A student engineer posed as a structural expert for years, signing off on 30 earthquake assessments on buildings, even though she did not even have a degree.
An industry disciplinary committee says Prajna Singh’s deceit was “alarming”.
Her deceit included using a chartered professional engineer’s registration number without their knowledge.
Read the full Disciplinary Committee decision on Prajna Singh.
The two unidentified firms she worked for since 2015 in Auckland believed she was qualified.
She was exposed by an anonymous tip-off in 2019.
A Facebook post shows Prajna Singh in December 2015 as “Senior Structural Engineer, managed Santa’s installation on the Farmers Building at the corner of Queen and Victoria Streets in Auckland’s CBD”.
The Engineering New Zealand committee has fined her the maximum possible of $5000. She has also been convicted in court on 38 dishonesty charges.
Singh subsequently obtained an engineering degree and told the committee her dream is to become a chartered professional engineer, like she had pretended to be.
She told the committee she worked in a very busy team at the second company and when she was asked to complete seismic assessment work for a building consent authority, the directors assumed she was “a chartered member” and so she signed 32 of the 38 documents as if she was a CPEng.
She told the committee the firm’s investigation “did not find mistakes which were grossly negligent or incompetent or which would lead to a risk of harm to the public”.
“Ms Singh said there are many industry practice checks in place, such as internal and external peer review mechanisms, which were there as a safety net to ensure mistakes were mitigated,” its findings out today said.
“We agree with Engineering New Zealand that this is an extraordinary statement to make.
“Even if Ms Singh could have conceivably considered she could rely on her work being checked by others, at the time the work was carried out, she did not even have a Bachelor of Engineering degree … She has continually through this process diminished her own responsibility.”

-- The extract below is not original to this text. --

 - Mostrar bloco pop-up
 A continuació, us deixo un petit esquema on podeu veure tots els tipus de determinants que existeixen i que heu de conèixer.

It ordered her to pay about $11,000 in costs for the investigation.
It quoted her saying this “is a grave mistake and a gross error in my judgment. I have never conducted myself in this way and I am ashamed of this step that I have taken. I have apologised on numerous occasions and accept my wrongdoing.”

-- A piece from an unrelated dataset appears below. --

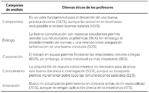 El análisis de estos valores contribuyó a identificar tres dilemas éticos. Primero, la preparación profesional de buena parte de los entrevistados se concentra en temas de su disciplina y, en contraste, se deja de lado la docencia, pues su práctica no se toma en cuenta en las evaluaciones que se realizan a nivel nacional e institucional. Segundo, el proceso de actualización profesional se dificulta cuando se espera que la universidad facilite los medios -económicos y materiales- para acceder a cursos y programas de capacitación. Tercero, se aprecia una contradicción con respecto a para qué desearían mantenerse actualizados, pues algunos no buscan precisamente el desarrollo profesional, sino la obtención de bienes externos, es decir, mejorar sus retribuciones salariales o lograr ascensos laborales. Finalmente, algunos profesores presentan necesidades de carácter actitudinal e intelectual para alcanzar una postura autónoma que les permita dirigir su propio proceso formativo, por ejemplo, realizar actividades en otras universidades y promover congresos y seminarios, así como grupos de investigación que fortalezcan su área de conocimiento.

Singh said becoming a CPEng registered engineer remained a “personal and professional goal”.
“I lost my way once, but it is something that I will intentionally never let happen again,” the findings quoted her as saying.
Companies Office records show Prajna Singh incorporating an engineering company in March this year.
A Linkedin page lists Prajna Singh as an engineer providing structural engineering consulting and design services.
The regulation regime is loose and unable to prevent a sanctioned engineer from practising.